# Machine Learning of Bird Calls

In [None]:
import os
import time
import json
import pickle
import numpy as np

import tensorflow as tf
import tensorflow.keras as keras

import tensorflow.keras.models as models
import tensorflow.keras.layers as layers
import tensorflow.keras.preprocessing as preproc
import tensorflow.keras.callbacks as callbacks

In [None]:
#Load preprocessed data
checklistdir = '/home/dphogan/data_science/species_list'
datafile = 'traintestvalid.p'
datapath = os.path.join(checklistdir, datafile)
(xtrain, ytrain, xvalid, yvalid, xtest, ytest, molabels) = pickle.load(open(datapath, 'rb'))
#Save original y-values (turns out these are needed for computing weights below)
ztrain = ytrain
zvalid = yvalid
ztest = ytest
#Change output from index lists to one-hot vectors
ytrain = keras.utils.to_categorical(ytrain)
yvalid = keras.utils.to_categorical(yvalid)
ytest = keras.utils.to_categorical(ytest)
#Add a length-1 dimension to input data  (so it will have same format as a grayscale image)
xtrain = xtrain.reshape(xtrain.shape[0], xtrain.shape[1], xtrain.shape[2], 1)
xvalid = xvalid.reshape(xvalid.shape[0], xvalid.shape[1], xvalid.shape[2], 1)
xtest = xtest.reshape(xtest.shape[0], xtest.shape[1], xtest.shape[2], 1)
#Don't accidentally use test data yet
xtest = ytest = 0
print(np.shape(xtrain))
print(np.shape(ytrain))

In [None]:
#Compute weights (counts, weights by element, weights by class)
ctrain = np.bincount(ztrain)
cvalid = np.bincount(zvalid)
ctest = np.bincount(ztest)

wtrain = (float(len(ztrain))/len(ctrain))/ctrain[ztrain]
wvalid = (float(len(zvalid))/len(cvalid))/cvalid[zvalid]
wtest = (float(len(ztest))/len(ctest))/ctest[ztest]

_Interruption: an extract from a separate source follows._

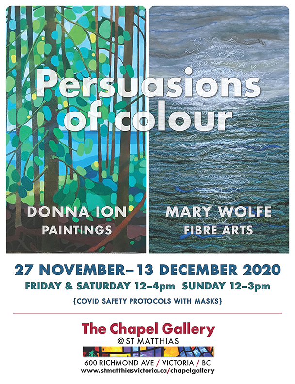 'Persuasions of Colour': Donna Ion, contemporary Oil/acrylic paintings, Mary Wolfe, Fiber art installations @ The Chapel Gallery Nov 27 2020 - Nov 25th @ The Chapel Gallery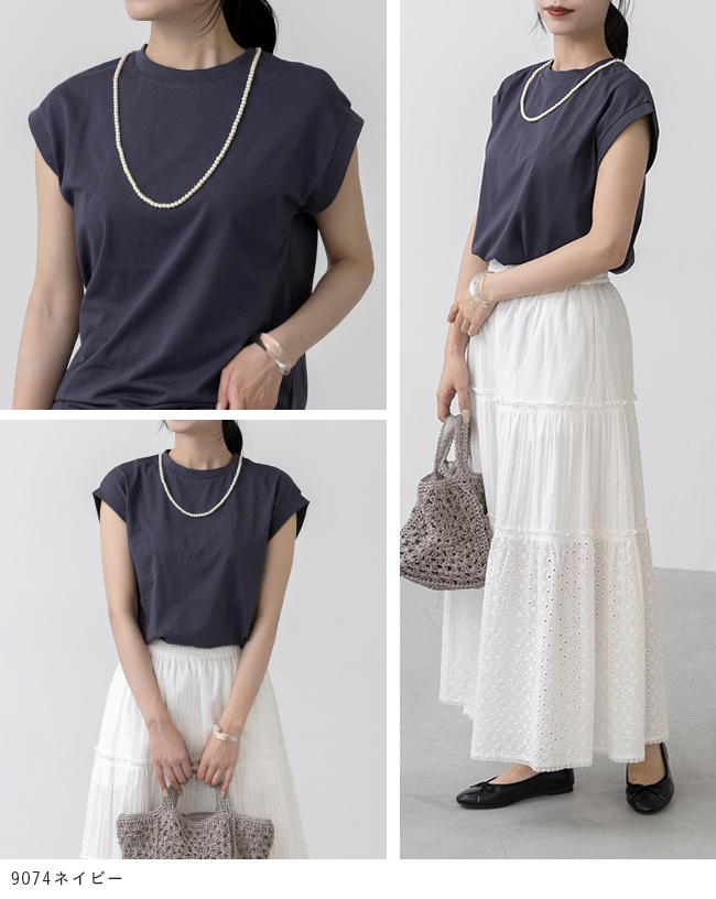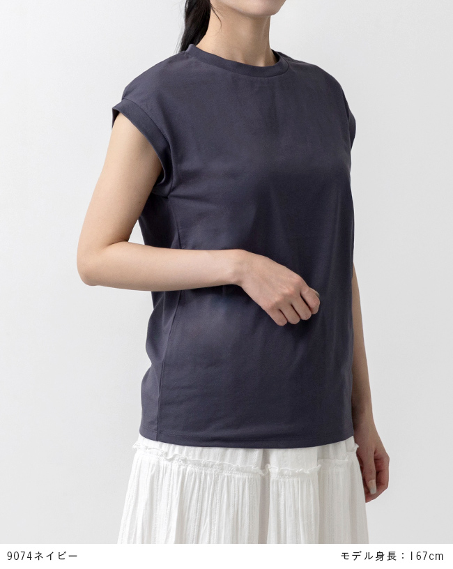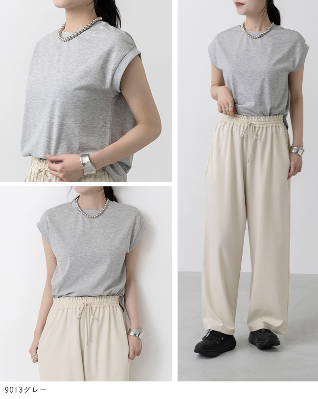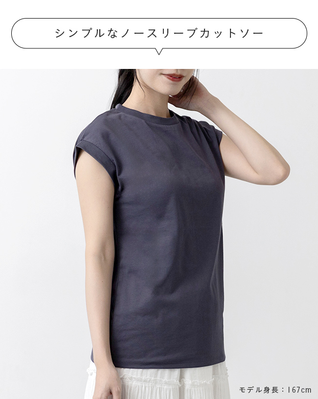 汗ばむ暑い季節の大敵の汗じみが目立ちにくい、デイリーに着まわせるノースリーブカットソー。

ltrain = (float(len(ztrain))/len(ctrain))/ctrain
lvalid = (float(len(zvalid))/len(cvalid))/cvalid
ltest = (float(len(ztest))/len(ctest))/ctest

dtrain = dict(zip(range(len(ctrain)),ltrain))
dvalid = dict(zip(range(len(cvalid)),lvalid))
dtest = dict(zip(range(len(ctest)),ltest))

In [None]:
#Dataset augmentation
datagen = preproc.image.ImageDataGenerator(
    data_format = 'channels_last',
    width_shift_range = 6,
    height_shift_range = 2,
    fill_mode = 'constant',
    cval = 0
    )
datagen.fit(xtrain)

In [None]:
#"Checkpoint" callback to save model either after every epoch or after best test accuracy
#checkpointpath = 'model_epoch{epoch:02d}.hdf5'
checkpointpath = 'model.hdf5'
checkpoint = callbacks.ModelCheckpoint(checkpointpath, monitor='val_loss', mode='min',
                                       verbose=0, save_best_only=True,
                                       save_weights_only=False, period=1)

In [None]:
#Model definition
model = models.Sequential()
model.add(layers.Conv2D(filters=128, kernel_size=(3,5), padding='same', data_format='channels_last', activation='relu', input_shape=np.shape(xtrain)[1:] ))
model.add(layers.MaxPooling2D(pool_size=(1,2), padding='same', data_format='channels_last'))
model.add(layers.Conv2D(filters=128, kernel_size=(3,5), padding='same', data_format='channels_last', activation='relu' ))
model.add(layers.MaxPooling2D(pool_size=(2,2), padding='same', data_format='channels_last'))
#model.add(layers.Conv2D(filters=128, kernel_size=(3,5), padding='same', data_format='channels_last', activation='relu' ))
#model.add(layers.MaxPooling2D(pool_size=(2,2), padding='same', data_format='channels_last'))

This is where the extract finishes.